I have a 84 Nissan Maxima station wagon that I drive to work everyday. About 2 months ago I had to replace the wheel cylinder on the rear drivers side because the drum and shoe had wore pretty bad and the cylinder overextended itself when I hit the brakes. I put on a new cylinder and repaired everything and bled the brakes.

Since that time I've been having a problem. The brakes are fine when I first get in the car. After driving for a little while, sometimes not very long, the brake pedal gets very stiff and I can only push it down maybe a 1/4 inch or so. They still work but not very well. As I continue driving it'll go back to normal operation. It seems to me the pedal gets hard when I'm doing a lot of stop and go driving in heavy traffic, and clears up after I drive for a little bit without having to use them.

What's really worrying me is now after a lot of stop and go traffic, the pedal is getting stiffer and I'm not hardly able to push it down at all, and when Iamb trying to go after coming to a stop, it seems like the brakes are engaged and dragging, and I really have to give it some gas to get it rolling again.

Any help on what may be causing this would be appreciated. I can replace just about anything on a car, I just need to find out what I might need to replace. 

Thanks,

Patrick


----------



## Matt93SE (Sep 17, 2003)

Sounds to me like you need to bleed the system again and use better fluid.. you probably have an air bubble in it somewhere, but it could also be the old nasty fluid in the lines still.

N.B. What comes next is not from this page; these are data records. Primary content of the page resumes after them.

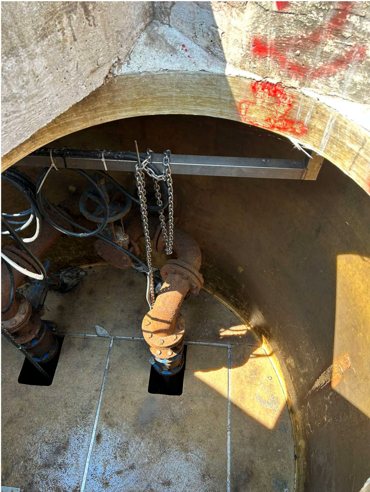
Slika5: Drog za pomoč pri dvigu črpalk in zaporni ventil
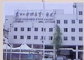
●蘇州病院 1882年に親友W.H.バークと共に開設した蘇州病院は、W.R.ランバスが去った後もバークにより引き継ぎ育てられた。妹ノラはのちにバークの妻となった。この蘇州病院は、現在蘇州大学付属病院となっている。
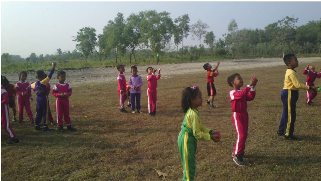
Pembelajaran Kelas I
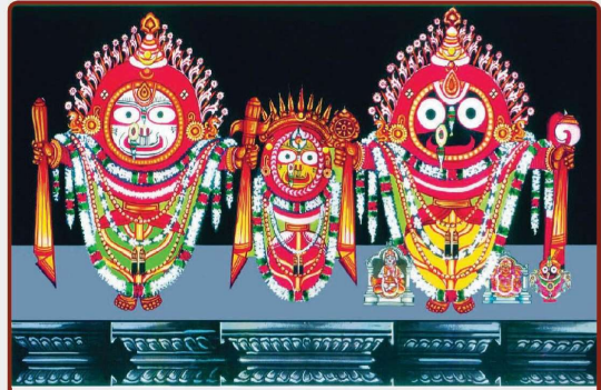
ତା ୭.୧୧.୨୨ରେ ଲକ୍ଷ୍ମୀନୃସିଂହ ବେଶ
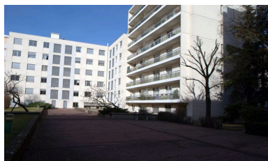
Elévation sur cour, depuis le sud-est IVR82_20116904139NUCA
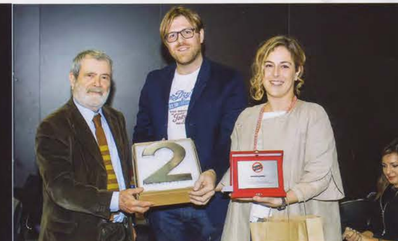
GIOPATO & COOMBES PER LA POLTRONA KIRU DI LIVING DIVANI
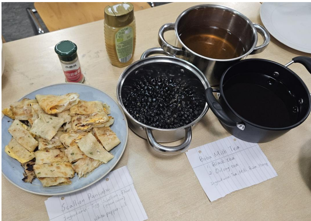
圖二 宿舍 International Dinner 我們準備蔥油餅及珍珠奶茶
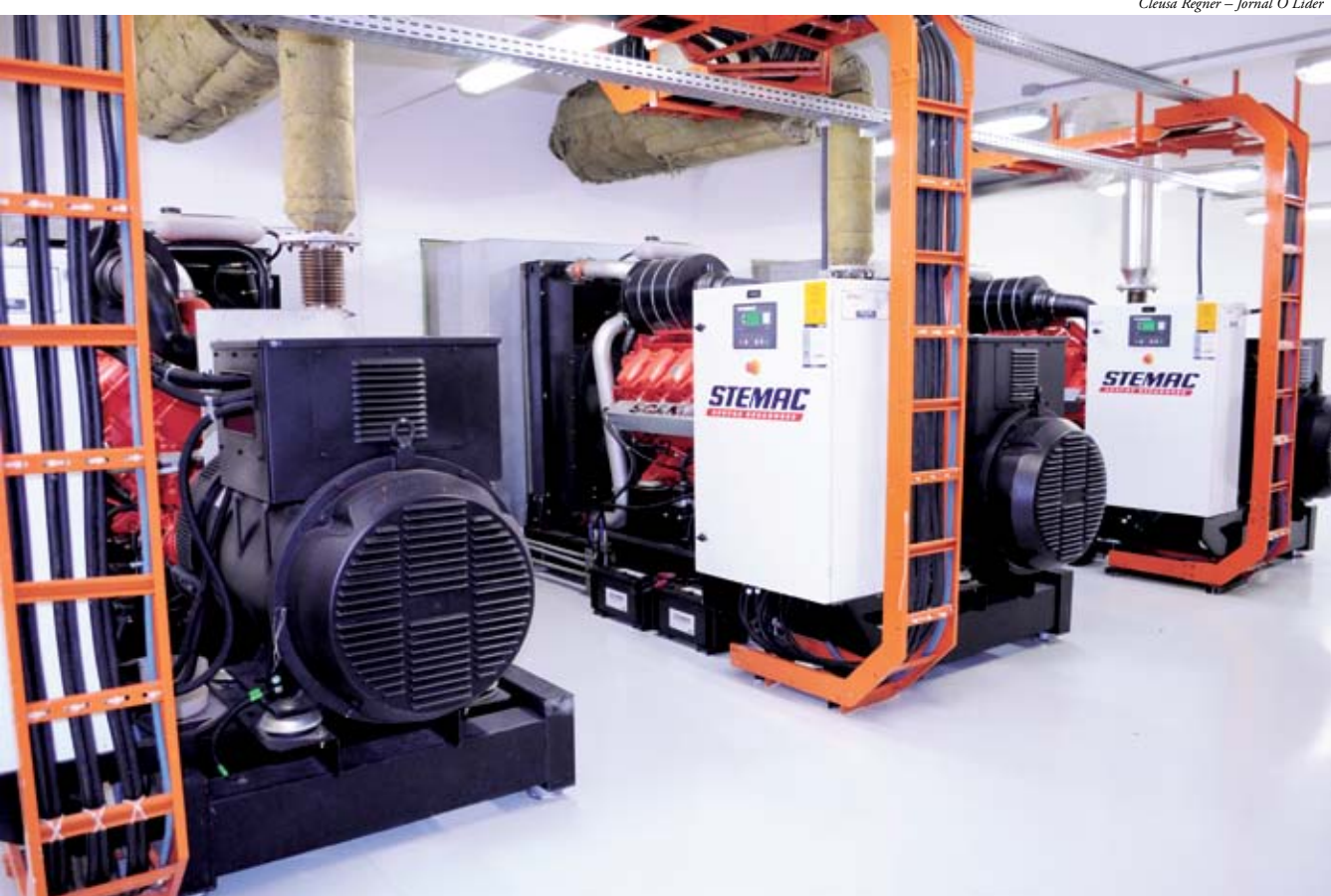
Conjunto de geradores no Laticínios Bela Vista permite que a indústria funcione sem energia
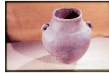
Archeologie (Dia 50_15)
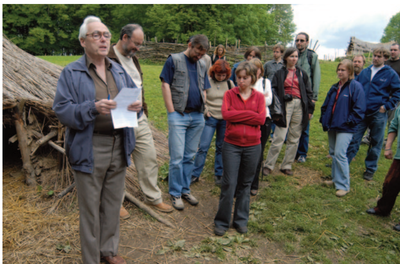
Obr. 28. XXXIV. seminář – Rychnov nad Kněžnou 2006: usnesení v archeoskanzenu v Uhřínově.
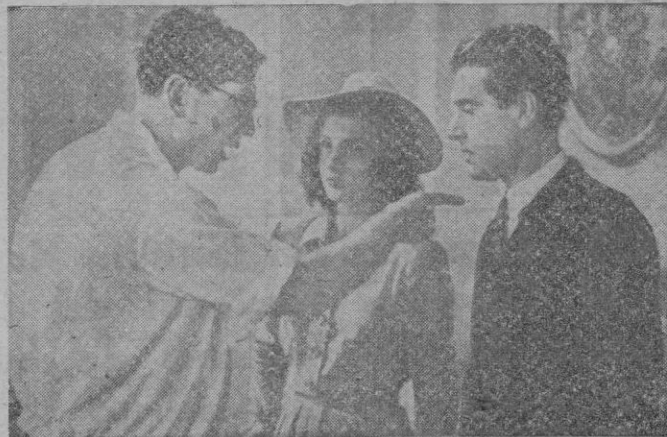
El Director y los intérpretes de «Doce lunas de miel»

por tipos que no existieron jamás; «rosas» quiere decir tolerancia a cuanto por conducir a un buen fin, a un amable y superficial acontecer, a una acción sin hondos problemas, se nos ofrezca aun sin el menor raso de humanidad en los personajes, ni de vida en el asunto.
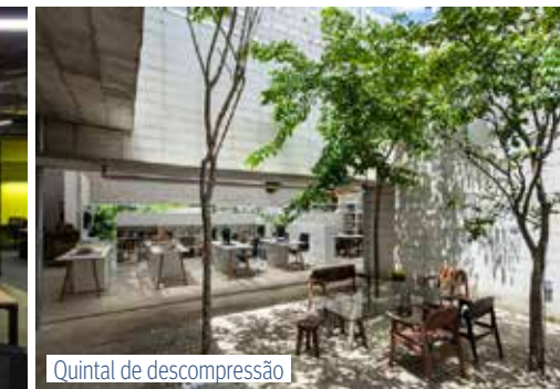
Quintal de desconpressão
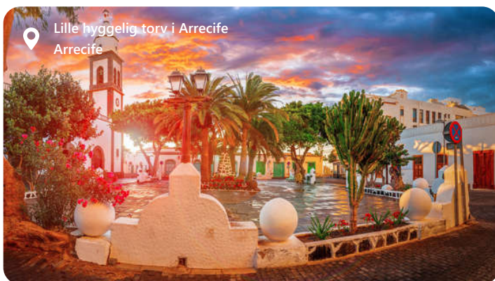
Lille hyggelig torv i Arrecife Arrecife
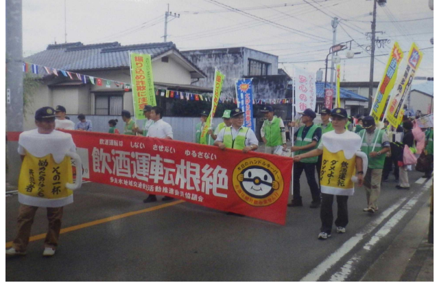
交通安全パレード
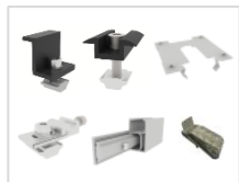
SET A2 PV-Montage für 4 Panels, 30mm Rahmenstärke, Schwarz
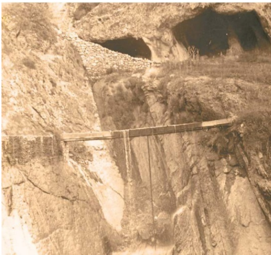
Переброска воды через ущелье. Наверху тоннели-каналы. Гергебиль. 1967 г.

Уровень воды в канале обычно определялся сравнительными пометками на стенах каналов – общее количество воды измерялось временем, вычисленным относительно понятия единицы водоизмещения – «борозда» – «канал». Одна «борозда» вмещала воду, достаточную для работы водяной мельницы. Например, «головной» канал Гергебильских садов вмещает 15 «борозд» воды. У разных обществ или народов встречались и другие единицы измерения. В Хаджалмахи, например, употребляли термин «иркла», которым обозначали рукав от главного канала. В общем же по Дагестану понятие «канал» – «борозда» было наиболее распространенной величиной.
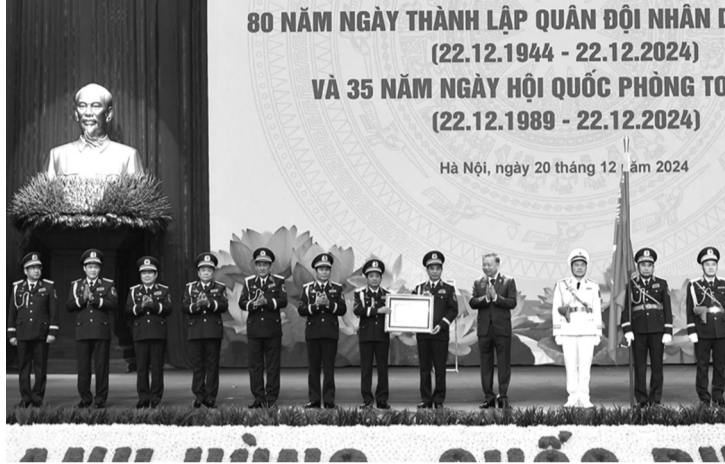
Lãnh đạo BQP đón nhận Huân chương Hồ Chí Minh.

Sáng qua (20/12), Ban Chấp hành Trung ương Đảng Cộng sản Việt Nam, Quốc hội, Chủ tịch nước, Chính phủ, Ủy ban Trung ương Mặt trận Tổ quốc Việt Nam và Quân ủy Trung ương (QUTƯ), Bộ Quốc phòng (BQP) trọng thể tổ chức Lễ kỷ niệm 80 năm Ngày thành lập Quân đội nhân dân (QĐND) Việt Nam (22/12/1944 - 22/12/2024) và 35 năm Ngày hội Quốc phòng toàn dân (22/12/1989 - 22/12/2024).
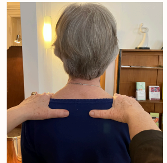
GEISTIGE AUFRICHTUNG DEINER WIRBELSÄULE - VORHER & NACHHER
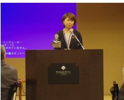
三浦地区代表歓迎の挨拶
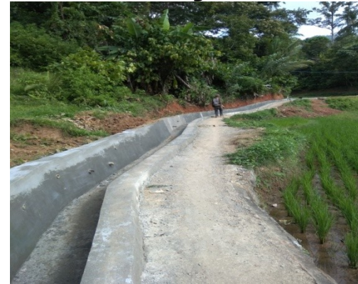
Loc. Dusun Koto Tuo Dana : Rp. 101.420.000,- (DD)
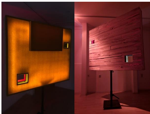
Slika 1 – postavka izložbe

Što smatram da je jako značajno za mene i svoj dalji rad. Time zaključujem svoje bavljenjem na temu proširene scenografije i smatram da sam u svojoj namjeri bar djelimično uspjela.
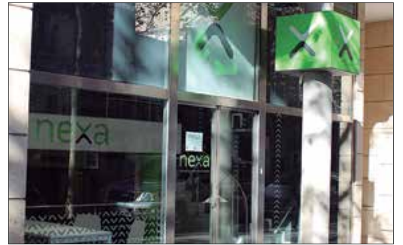
El nou establiment està situat a l'avinguda de Tarragona.
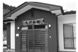
▲北沢町内会で整備した「北沢会館」
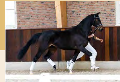
34 | Roxxi L.E. Pag. 90
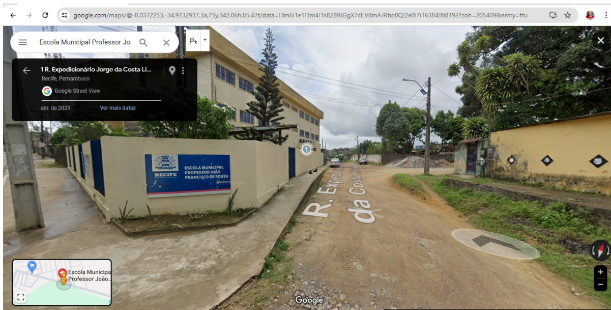
Imagem 02: Rua Expedicionário Jorge da Costa Lima, 386 - Várzea, Recife - PE, 50970-250
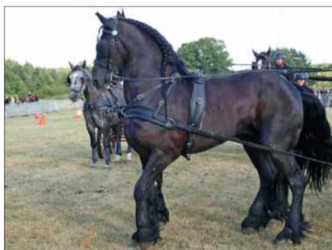
Konie na Paradzie były wyjątkowo piękne.
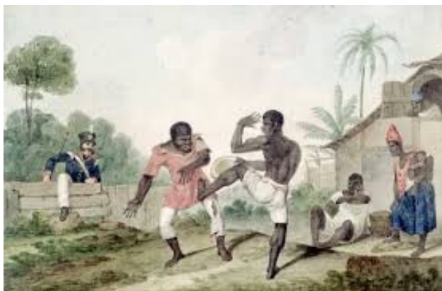
Figura 01 - Os negros lutando na aquarela de Augustus Earle capoeira - Danse de la guerre, (1835)

Em nossos dias, a capoeira, se tornou muito popular, mas o preconceito contra a cultura afro-brasileira ainda persiste.
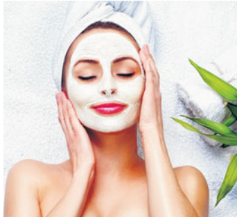
A méz hidratálja a bőrt és egyben tisztítja is, a tojás pedig kiváló bőrfeszítő.

Negyedóra elteltével hideg vízzel mossuk meg az arcunkat, és gyengéden szárogassuk meg.
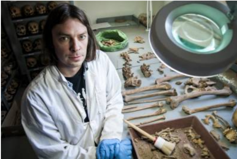
Ein Anthropologe an seinem Arbeitsplatz
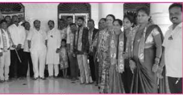
खेड-चाकाळे येथील उषाठा गटातून शिंदे गटात प्रवेश केलेल्या कार्यकर्त्यांचे स्वागत करताना शिवसेनेचे नेते रामदास कदम सोबत अन्य पदाधिकारी.
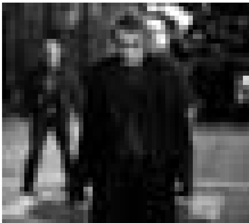
Hat ein kriminelles Superhirn und wird Joker genannt: Heath Ledger in „The Dark Knight“. Neu im Utopolis (Luxemburg) und im Kursaal (Rümelingen).
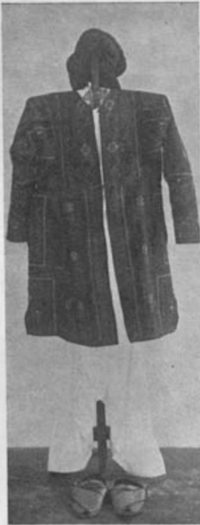
لیاس مردانه بلوچ

با این سبب بود که کشور های متمدن در نیمه دوم قرن نوزدهم بتأسیس موزه های مردم شناسی قیام نمودند زیرا حس کردند که عدم اطلاع بکیفیت زندگی بشوهایا موجب میشود که صنایع و اشیاء متداول بین آنها و همچنین آداب و عادات و صنایع دیگرشان که وقوف بر آنها از لحاظ تاریخ زندگانی بشر فوق العاده مفید و کمال اهمیت را دارد ازین برود و در اینصورت رشته تاریخ زندگانی اجتماع پاره شده نقاط تاریکی در صفحات تاریخ خواهد ماند و نتیجه این علم را دچار ابهام خواهد نمود.
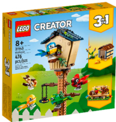
Slika 3 Primjer Lego igračaka segmentiranih za djecu
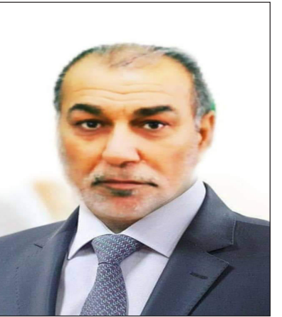
عيناك اجمل قصيدة.. عجزت الشعراء عن تدوينها عجزت اقلامهم عن الخوض
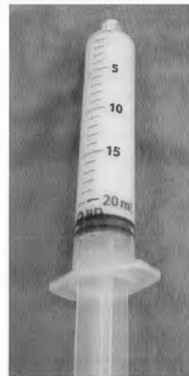
Figura 1. El aspecto lechoso del derrame hace el diagnóstico de quilotórax

Niño producto de madre de 32 años GI, obtenido por cesárea; calificado con Apgar de 8-9, eutrófico. A los 22 días de edad empezó a tener dificultad respiratoria, cianosis peribucal, tos productiva y rinorrea. Una radiografía de tórax mostró una imagen compatible con una masa, probablemente vascular y derrame. El paciente fue enviado a nuestra unidad con un sello de agua. Exploración física. Regulares condiciones generales, dificultad respiratoria, hipoventilación pulmonar derecha, sin estertores. El sello de agua estaba en el sexto espacio intercostal a nivel de la línea axilar anterior y no funcionaba. Abdomen normal. Biometría hemática: Hto, 37.7%; Hb, 11; leucocitos, 3250; neutrófilos, 50%; linfocitos, 42%; metamielocitos, 2%; eosinófilos, 2%; bandas, 4%; plaquetas, 280,000. Citoquímico de líquido pleural: DHL 688 UI/L, hifas y levaduras negativas; aspecto quiloso, blanquecino; glucosa 34 mg/dL, (Figura 1) sedimento escaso, coagulabilidad nula, pH 8, Hb positivo, proteínas totales 2661 mg/dL, colesterol 7 mg/dL, eritrocitos 106 mm 3 , leucocitos 28 mm 3 . Fosfatasa alcalina 153 UI/L, alanin-amino-transferasas 64 UI/L, deshidrogenasa láctica 3553 UI/L, proteína C reactiva 31.3 mg/L, albúmina 4.2 g/dL, colesterol 68.0 mg/dL. Proteínas totales 6.2 g/dL, Relación albúmina-globulina 2:1, bilirrubinas totales 0.5 mg/dL. Radiografía de tórax (Figura 2): Derrame pleural derecho. La tomografía de tórax mostró el derrame pleural en el pulmón derecho;
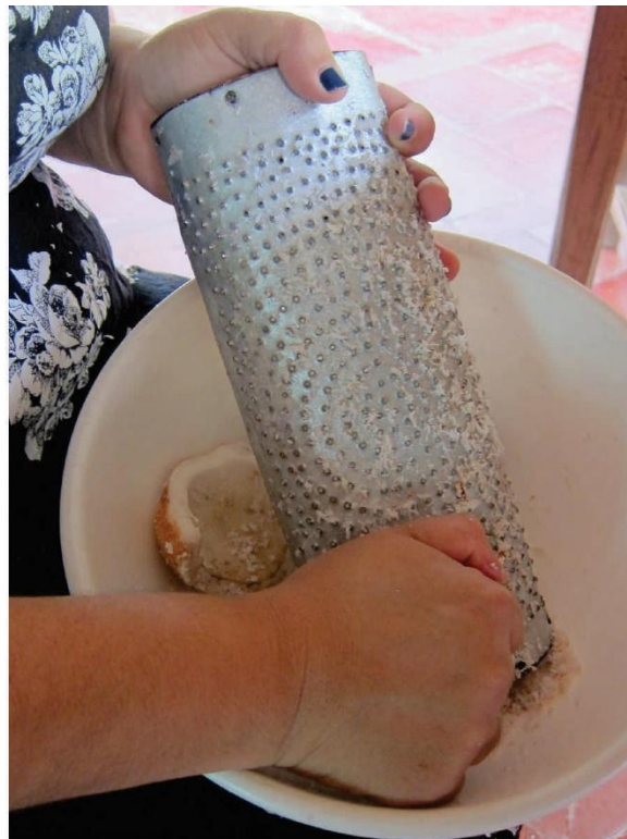
Reemplazo de la tradicional totuma de rallar coco por un utensilio de plástico. Zona rural Cereté

suck all the old stuff out of the master cylinder with a turkey baster or something, then refill it with fresh fluid... then bleed the entire system again until you have fresh clean fluid at all corners.. use a good brand of fluid and not the cheapo parts store crap that's $1 a gallon.. I use valvoline synthetic DOT 3 or Castrol for my wife's daily driver, and ATE blue for my cars-- but I drive a LOT harder than she does. the Valvoline does a great job in her car and I have no complaints with it.


----------